Your instructions: Look at the data below and print exactly the lines from its first line through the line with "Fabric : Net"; the pictures stay out of the copy.

Saved data entries
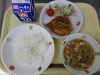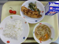 ごはん、あじフライ、ほうれん草のごまあえ、せんべい汁、さくらんぼ、牛乳
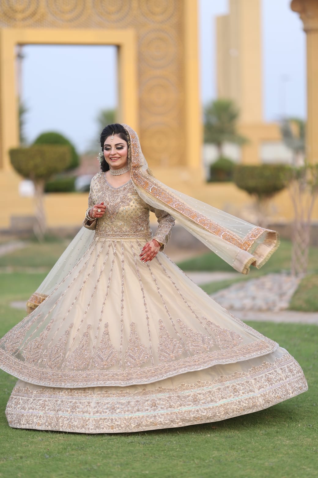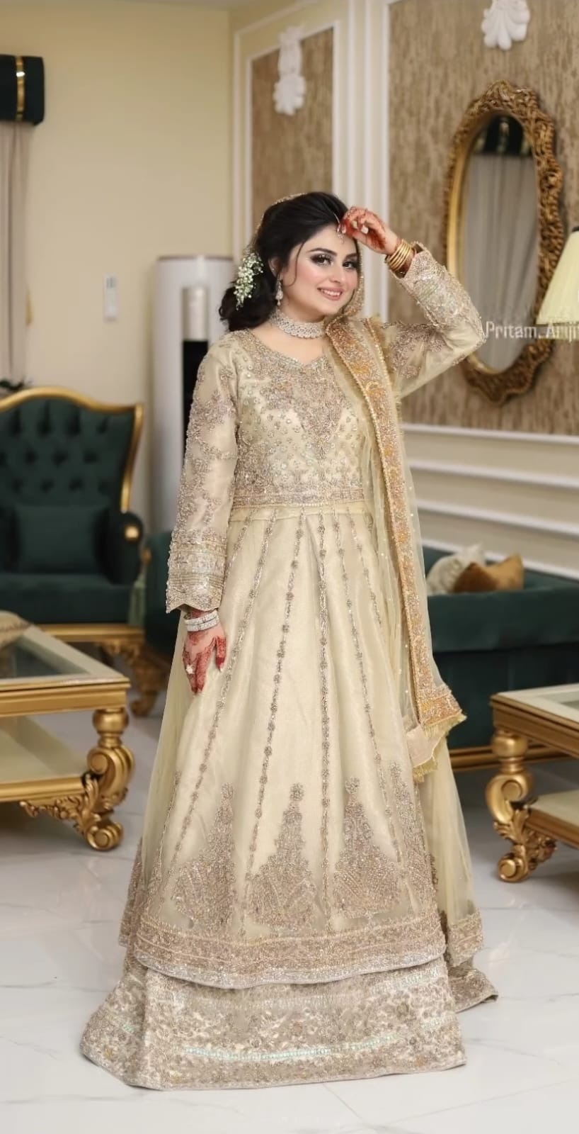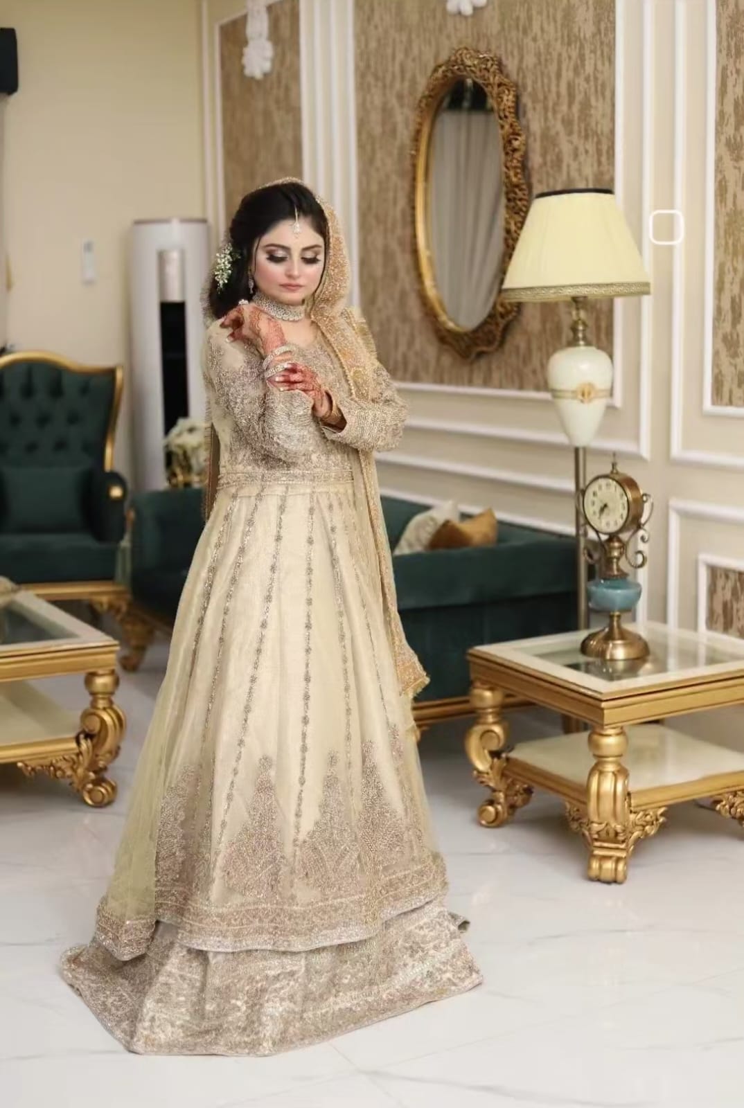 Fabric : Net Lehnga : Lama tissue Work type : zari, zardozi, dapka, pearls and a variety of stones and sequins
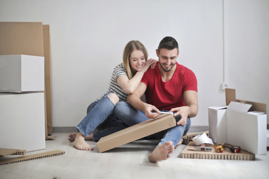 Bearded man resting on floor with beautiful woman, surrounded by cardboard boxes, communicating about furniture and home decorations. Happy relationship moments of caucasian homeowners on moving day.
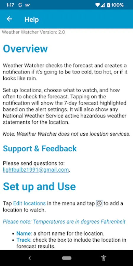 Notes: Weather Watcher does not use location services; The coordinates needed to get the forecast are found using the location you entered.
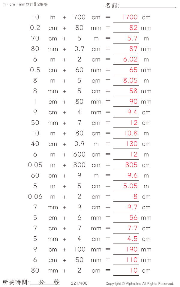 上記のボタンから「m・cm・mmの足し算2」の算数数学ドリル・計算ドリル(PDFプリント)がダウンロードできます。個人利用は無料です(家庭以外での配布は有料です)。
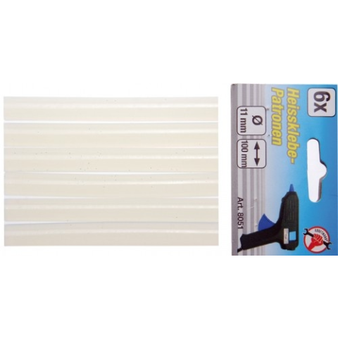 6 db átlátszó ragasztórudat tartalmaz;11 mm-es átmérő;100 mm-es hossz;A BGS 8050 és BGS 85800 ragasztópisztolyokhoz is használható.
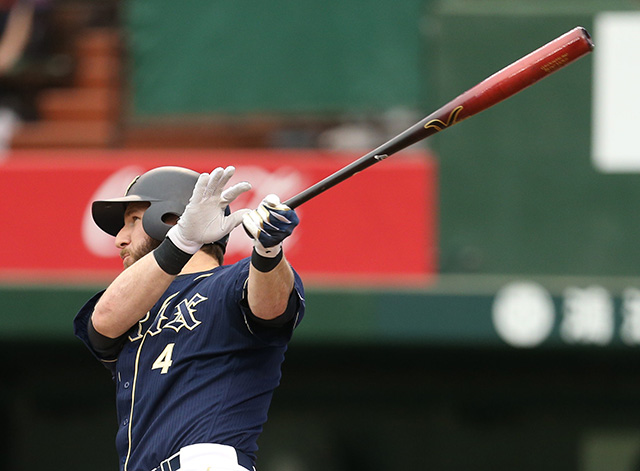 4番 モレル 右中二 フェンス直撃のツーベースを放つ 2塁 |
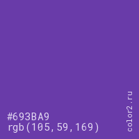 Цвет #693BA9 в цветовой модели RGB обозначается тремя октетами (105, 59, 169) в десятичном формате и #693BA9 в шестнадцатиричном (hex) формате, которые являются интенсивностью красного 105 (hex 69), интенсивность зелёного 59 (hex 3B) и интенсивность синего 169 (hex A9).
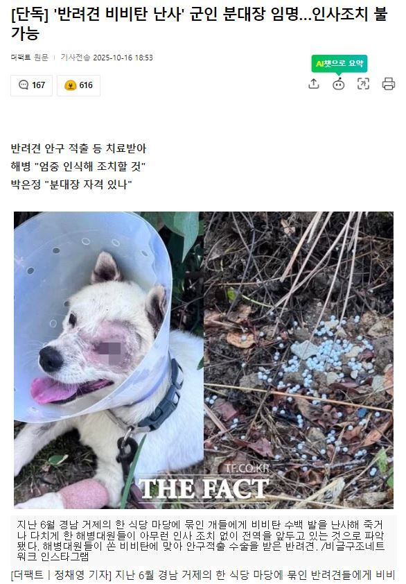 [사회] 반려견 비비탄 난사한 군인 분대장 임명
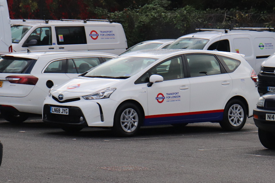 | Details: Seen in the car park at Acton Works on 16th October 2018 was Toyota Prius car 8692T, in LUL white/blue/livery. Over 30 Priuses have been delivered since spring 2017, though this is example is a Prius+ 'estate' version. As with 8567T (the only other Prius+ to date), this variant can be identified by the higher rear-end and also by the black 'tusks' below the headlights. | ||||
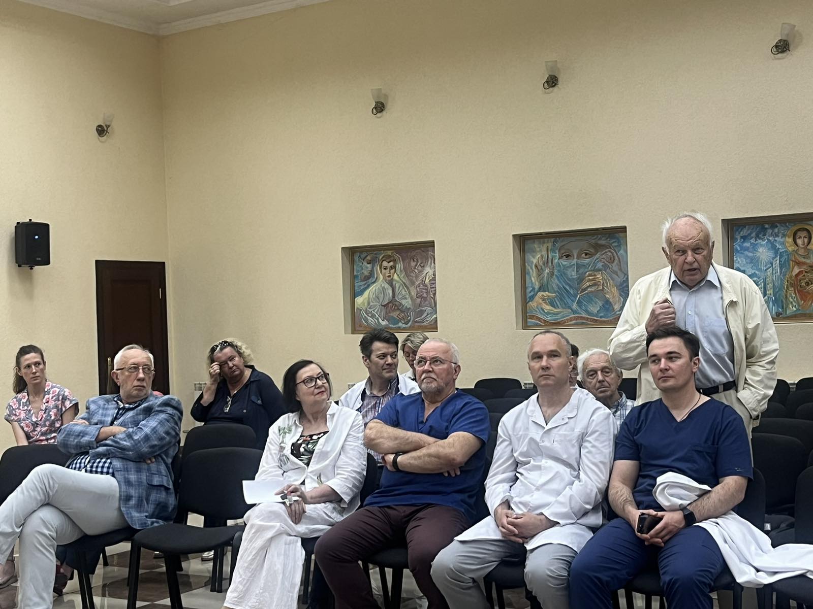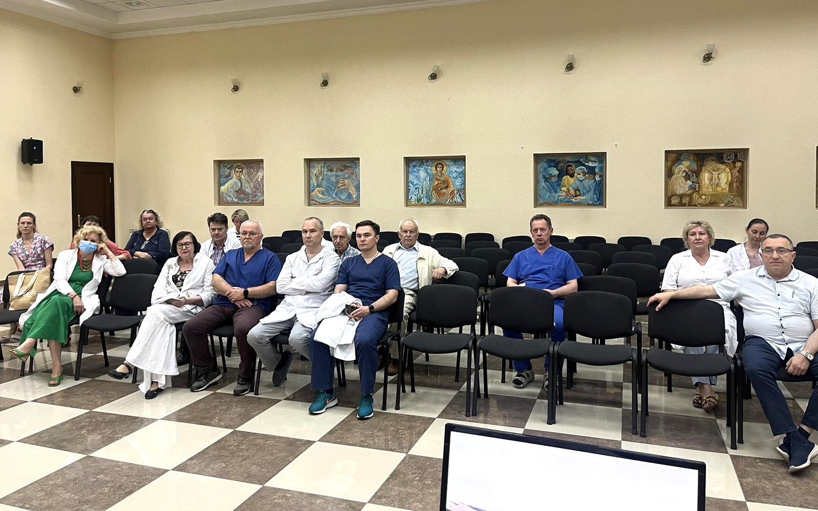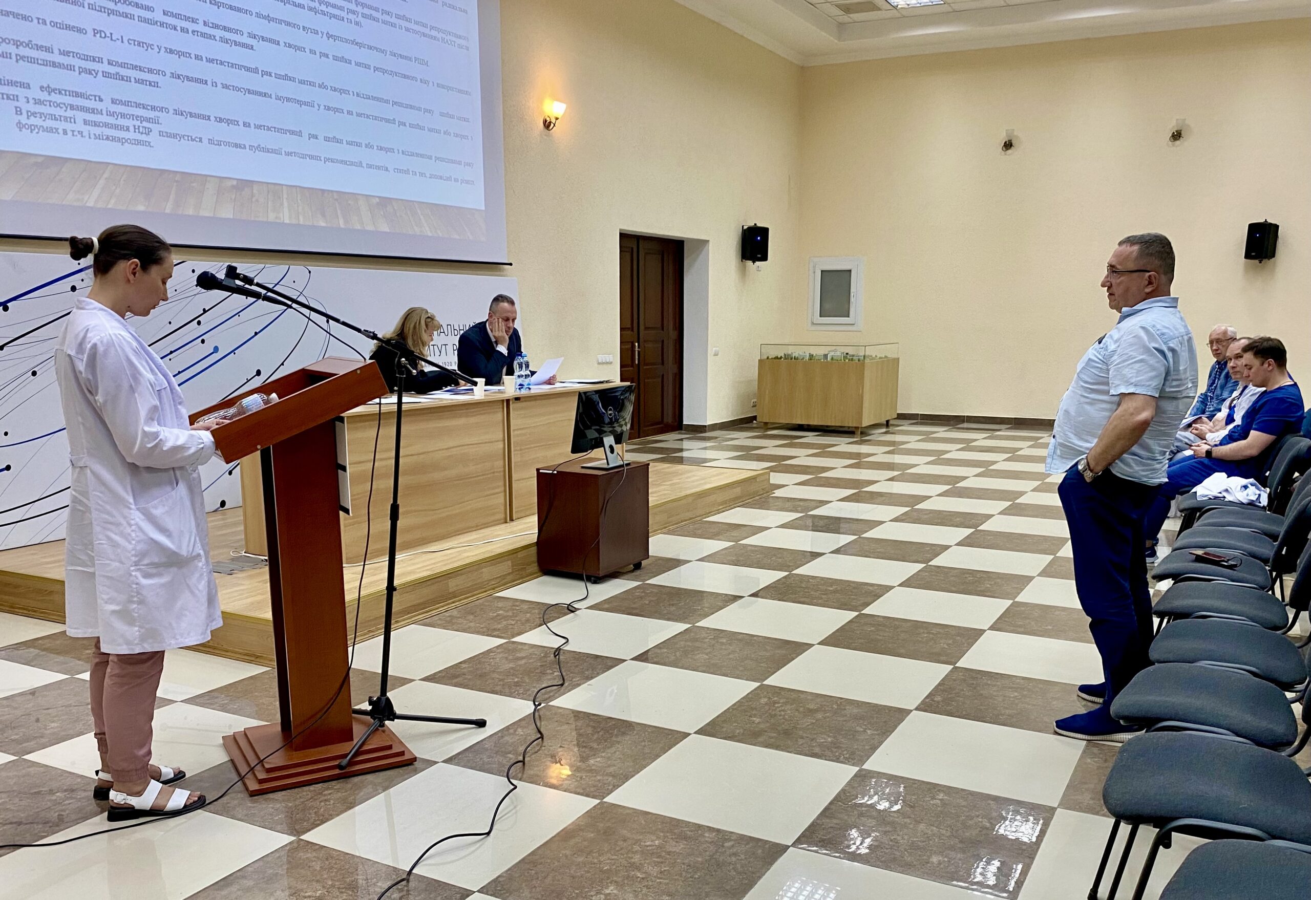 За першим питанням порядку денного заступник генерального директора з наукової роботи Андрій Лукашенко оголосив розгляд проєкт нових тем науково-дослідних робіт, з урахуванням викликів воєнного стану. Доповідачами проєкт НДР були керівники науково-клінічних підрозділів, відповідальні виконавці наукових тематик: професор Ірина Крячок, професор Наталія Храновська (комплексна НДР з залученням керівників науково-клінічних відділень – відповідальних виконавців: к.мед.н. Григорія Климнюка та к.мед.н. Юрія Михайловича), професор Оксана Солодяннікова, відповідальний виконавець к.мед.н. Тетяна Дерменжи (керівник професор Валентин Свінціцький).
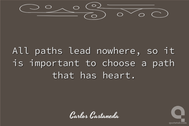 All paths lead nowhere, so it is important to choose a path that has heart. Carlos Castaneda
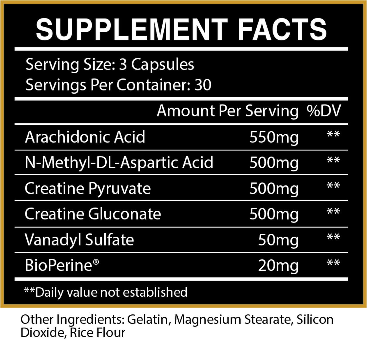 Arachidonic Acid - arachidonic acid is a compound that in our body increases the production of Prostaglandins, responsible for the process of increasing muscle mass and burning fat tissue. In addition, Arachidonic Acid increases the number of androgenic receptors and increases the level of IGF-1.
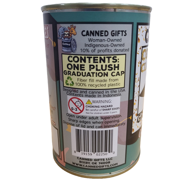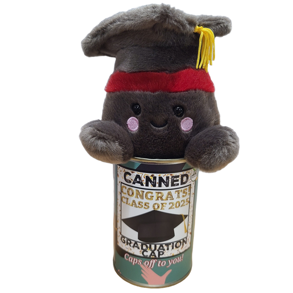 • Graduation Cap plush sealed in a can. Use a can opener to open the fun gift or choose the pop top lid!
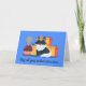 Skicka födelsedagshälsningar. Cute Black and white cat blåser ut ljus på en cupkaka. Presenter bakom kattunge och en blå bakgrund.
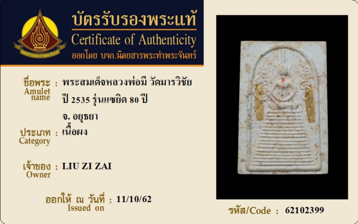 ค้นหาใบการันตีพระแท้
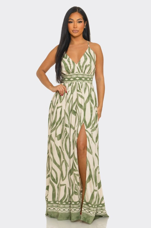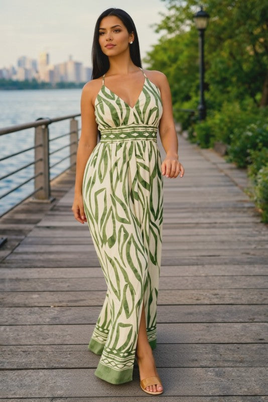 The Sage Leaf Maxi brings effortless resort energy with a fresh, spring–summer feel. Designed with a flattering V-neckline and adjustable spaghetti straps, it features an all-over leaf print that feels light and elevated. The back includes an elastic waistband for comfort and shape, plus adjustable tie-back straps that let you customize the fit. Finished with a flowy maxi-length skirt and a front slit for easy movement and a subtle hint of skin. Easy, breezy, and made for sunny days and warm nights. Fabric content: 90% rayon, 10% nylon.
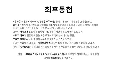 또 지난 2일에는 게임사 측에 최후통첩문을 보내 조계현 카카오게임즈 대표의 공식 사과, 관련 직원의 우마무스메 관련 업무 배제, 소비자 대표가 참가하는 간담회 개최 여부를 오는 5일까지 회신할 것을 요구했다.
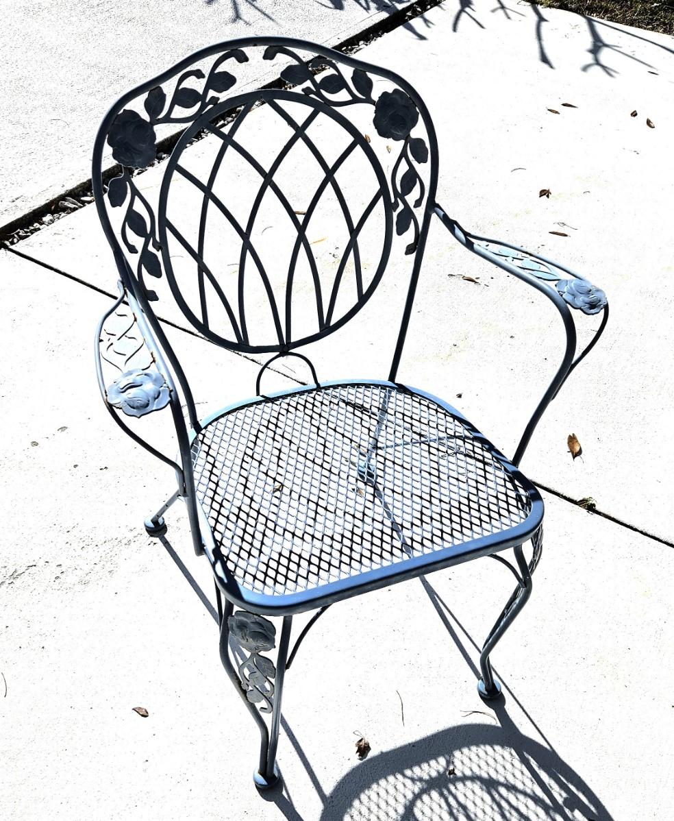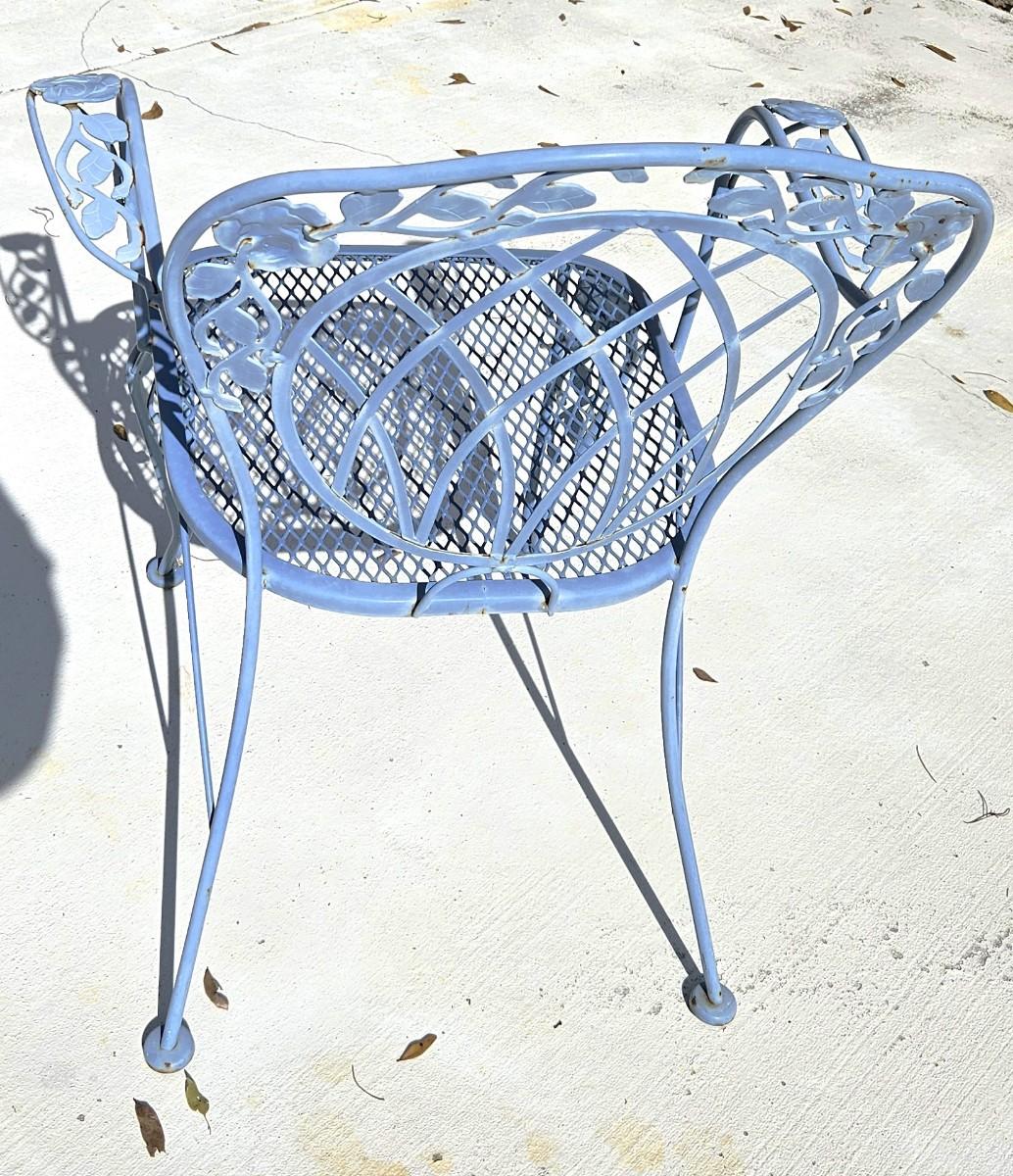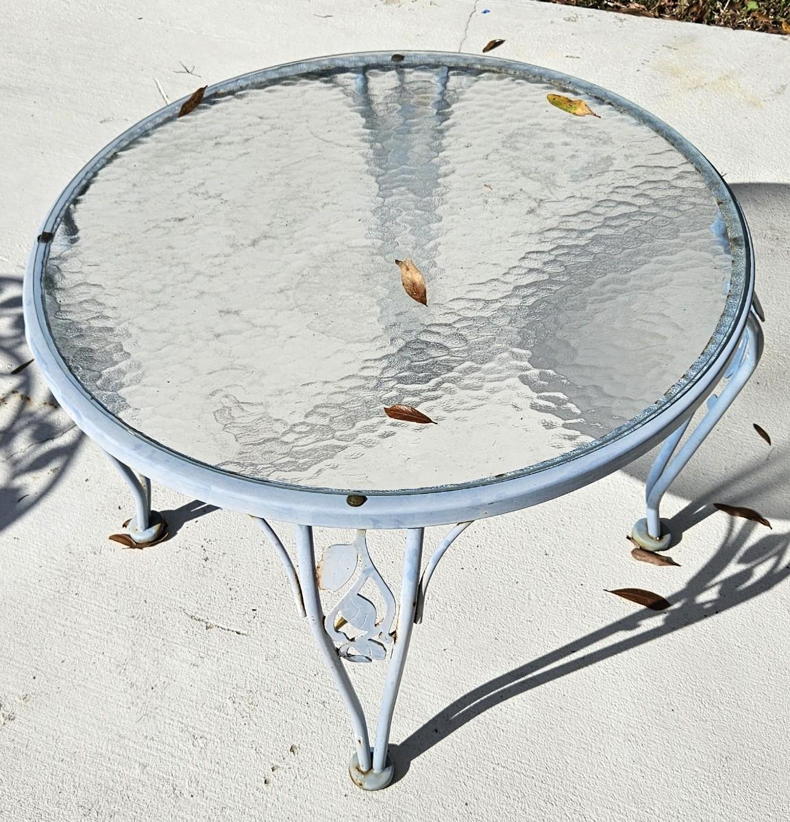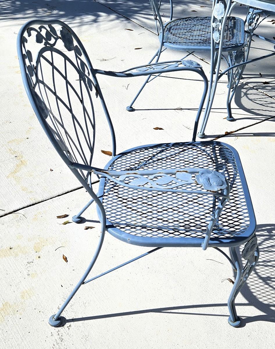 Blue Wrought Iron Table with Glass Top and Chair Set with Additional Side Table

Problem solution:
 ごはん、あじフライ、ほうれん草のごまあえ、せんべい汁、さくらんぼ、牛乳
 Fabric : Net Lehnga : Lama tissue Work type : zari, zardozi, dapka, pearls and a variety of stones and sequins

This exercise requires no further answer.